Friday, July 17, 1998

 
        Today was a long, lazy day spent at the computer. Bob spent the night out at John's, so I slept in even though I didn't stay up terribly late last night, well, maybe it was 2:00 a.m. . . . I can't remember. Anyway, I slept until about 9:30 when I was woken, as usual, by the telephone. It was someone calling with a free life insurance policy for three months. Not five minutes later, someone else called wanting to send us five years' worth of free magazines. My standard response is, "I'm not interested, thank you," and then I hang up the phone. Sometimes I can still hear their little tinny voice coming out of the receiver. It makes me feel a little bit guilty, but I really don't have any patience for it.

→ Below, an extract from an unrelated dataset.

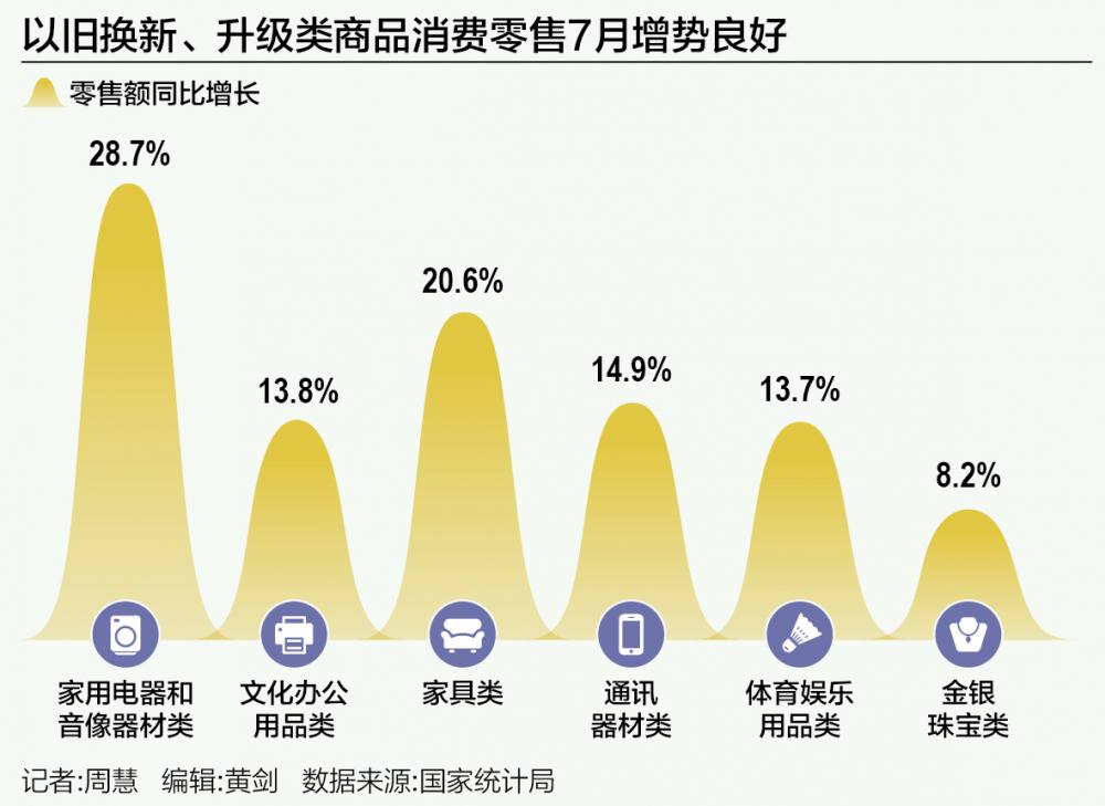 付凌晖表示,从商品零售看,以旧换新相关和升级类商品销售较好。

        Bob is upstairs taking a nap. I went up and laid down with him for a few minutes, but then got up to come down and write. He asked me what I was going to write about and I said I didn't know yet, and he said, sleepily, "Well, you can write that you spent the whole day working on the computer, that you didn't leave the house at all, and that it was a nice, quiet day, but that the other day you went out and bought a new little chair to paint, and some flower decals or something, and then do one of your lists: "toothpaste, tooth brush, pain pills, shaving cream, band-aids." And there you go."

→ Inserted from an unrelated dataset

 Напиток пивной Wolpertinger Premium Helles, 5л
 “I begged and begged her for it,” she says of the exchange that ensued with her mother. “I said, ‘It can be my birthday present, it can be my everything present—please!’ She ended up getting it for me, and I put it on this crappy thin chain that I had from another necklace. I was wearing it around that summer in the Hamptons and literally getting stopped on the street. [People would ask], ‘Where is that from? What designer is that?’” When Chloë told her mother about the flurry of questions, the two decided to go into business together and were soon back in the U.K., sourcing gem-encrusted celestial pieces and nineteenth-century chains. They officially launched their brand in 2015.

        My list for tomorrow is:

        Boring, isn't it?

        There's a new reflection linked from the front page: Summer Vacation. It's not especially "reflective" this time, I don't think. It's just sort of a Thank You to the powers that be for allowing me this summer to play. It's been an incredible tonic for me. I was extremely stressed out when I left my last job, and while it wasn't as apparent to me as it might have been, I was also sort of depressed. Understandable, I suppose, since I was working in a job that I wasn't crazy about, not using any of my creative abilities and just trying to make it through the days. Anyway, these six weeks have been wonderful. And now I'm ready to go back to work. It's been a great vacation. I have one more week left . . .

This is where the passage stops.